One copybook at a time. Even seemingly small copybooks (30 fields) often expand to 5-10 tables after normalization.
Validate against actual data. Synthetic tests miss real-world quirks; use a sample of production data to verify type assumptions.
Don't blindly preserve FILLER. Some FILLERs carry meaning (especially older copybooks where space was reused over time); some are genuinely unused. Audit carefully.

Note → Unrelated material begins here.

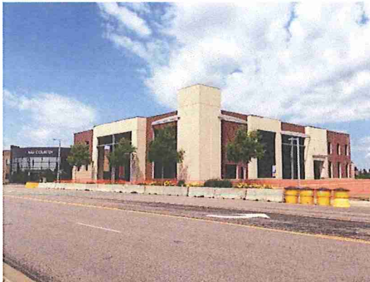
Photo taken August 1, 2013 at Sunwood Drive and Peridot Street looking north west.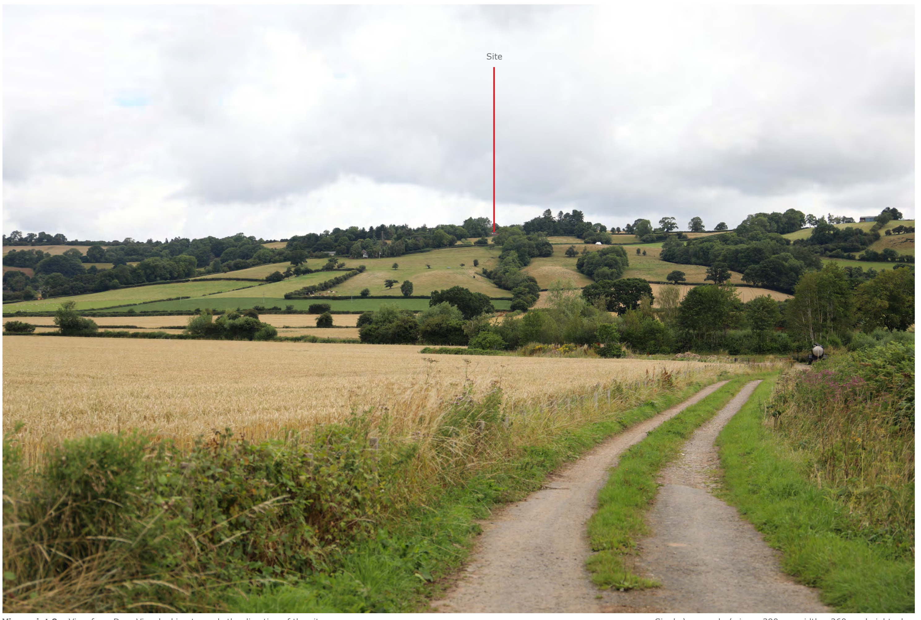
Viewpoint 9 – View from Dore View looking towards the direction of the site.

Pair with the Business Rule Extraction template. Schema captures structure; rule extraction captures meaning.
Plan for the long tail. Mainframe data shops often have hundreds of copybooks; this template handles one at a time. Budget accordingly.

Common mistakes to avoid

Dumping VSAM records as JSON in a single column. Defeats the purpose of moving to relational.
Ignoring encoding. EBCDIC → UTF-8 issues surface days later as bug reports.
Treating COMP-3 as text. Packed decimal needs explicit interpretation; treating as ASCII produces garbage.
Skipping the sign convention check. Negative values in COBOL aren't always obvious.
Adding an index for every old access path. Some VSAM AIXes are dead; new app may not use them.
Forgetting the implicit decimal point. PIC 9(7)V99 doesn't have a . in storage.
Missing OCCURS DEPENDING ON edge cases. Variable-length arrays change interpretation based on a count field.